VMI Interface Proposal Documentation for I386, Part 2.2

[Date Prev][Date Next][Thread Prev][Thread Next][Date Index][Thread Index]

 



Apparently, the word propasition (sp) is a banned word for LKML. Very funny ;) Anyways, here is the rest of the spec.

  Interrupt and I/O Subsystem.

    For security reasons, the guest operating system is not given
    control over the hardware interrupt flag.  We provide a virtual
    interrupt flag that is under guest control.  The virtual operating
    system always runs with hardware interrupts enabled, but hardware
    interrupts are transparent to the guest.  The API provides calls for
    all instructions which modify the interrupt flag.

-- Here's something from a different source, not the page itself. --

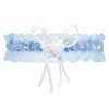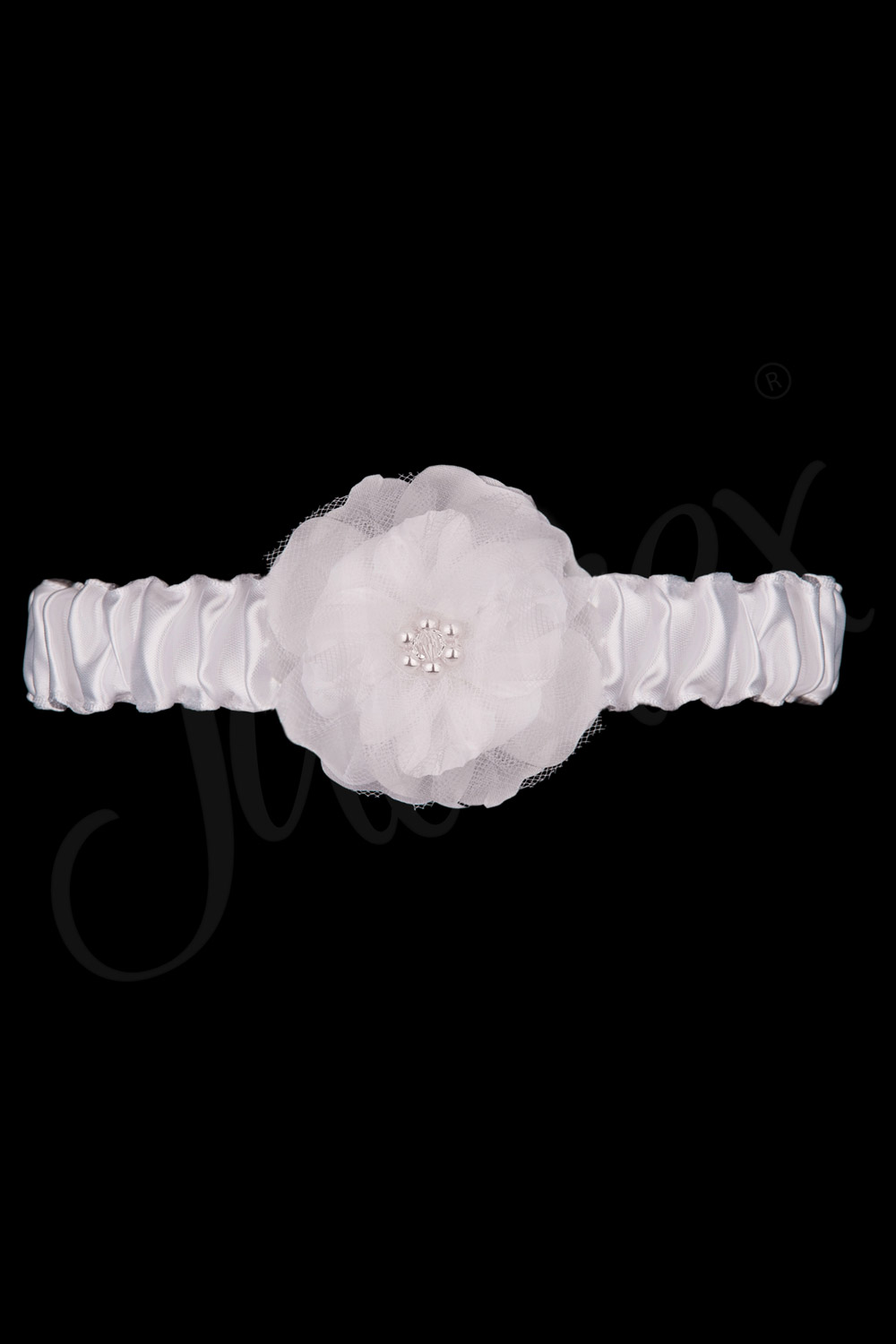 Valkoinen kapea sukkanauha suurella pyöreällä kukalla.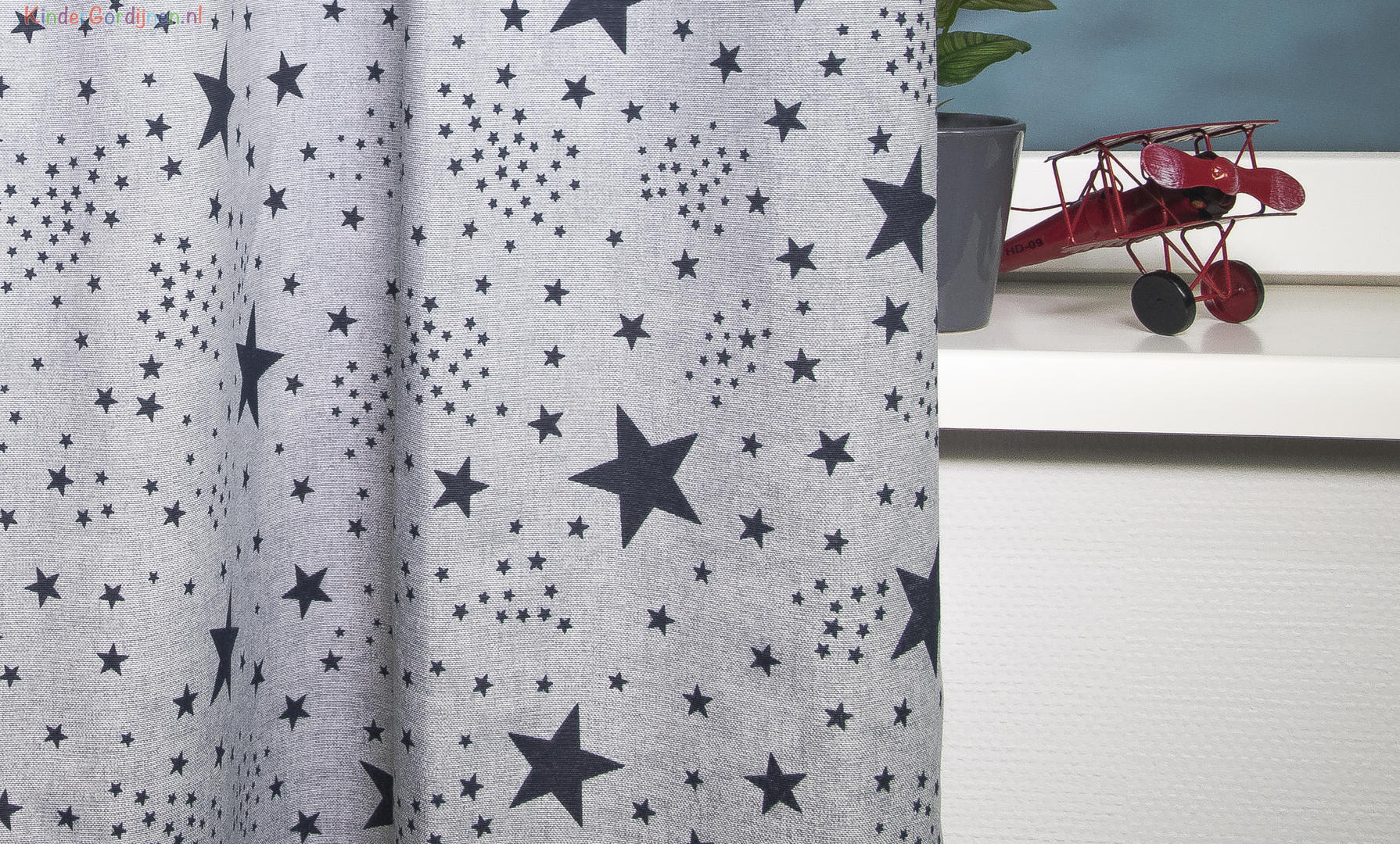 Fonkelende kamerhoge gordijnen met marineblauw of donkerrode sterren van verschillend formaat op een ietwat grijze ondergrond.

    The paravirtualization environment provides a legacy programmable
    interrupt controller (PIC) to the virtual machine.  Future releases
    will provide a virtual interrupt controller (VIC) that provides
    more advanced features.

    In addition to a virtual interrupt flag, there is also a virtual
    IOPL field which the guest can use to enable access to port I/O
    from userspace for privileged applications.

    Generic PCI based device probing is available to detect virtual
    devices.  The use of PCI is pragmatic, since it allows a vendor
    ID, class ID, and device ID to identify the appropriate driver
    for each virtual device.

  IDT Management.

    The paravirtual operating environment provides the traditional x86
    interrupt descriptor table for handling external interrupts,
    software interrupts, and exceptions.  The interrupt descriptor table
    provides the destination code selector and EIP for interruptions.
    The current task state structure (TSS) provides the new stack
    address to use for interruptions that result in a privilege level
    change.  The guest OS is responsible for notifying the hypervisor
    when it updates the stack address in the TSS.

    Two types of indirect control flow are of critical importance to the
    performance of an operating system.  These are system calls and page
    faults.  The guest is also responsible for calling out to the
    hypervisor when it updates gates in the IDT.  Making IDT and TSS
    updates known to the hypervisor in this fashion allows efficient
    delivery through these performance critical gates.

  Transparent Paravirtualization.

    The guest operating system may provide an alternative implementation
    of the VMI option rom compiled in.  This implementation should
    provide implementations of the VMI calls that are suitable for
    running on native x86 hardware.  This code may be used by the guest
    operating system while it is being loaded, and may also be used if
    the operating system is loaded on hardware that does not support
    paravirtualization.

    When the guest detects that the VMI option rom is available, it
    replaces the compiled-in version of the rom with the rom provided by
    the platform.  This can be accomplished by copying the rom contents,
    or by remapping the virtual address containing the compiled-in rom
    to point to the platform's ROM.  When booting on a platform that
    does not provide a VMI rom, the operating system can continue to use
    the compiled-in version to run in a non-paravirtualized fashion.

  3rd Party Extensions.

    If desired, it should be possible for 3rd party virtual machine
    monitors to implement a paravirtualization environment that can run
    guests written to this specification.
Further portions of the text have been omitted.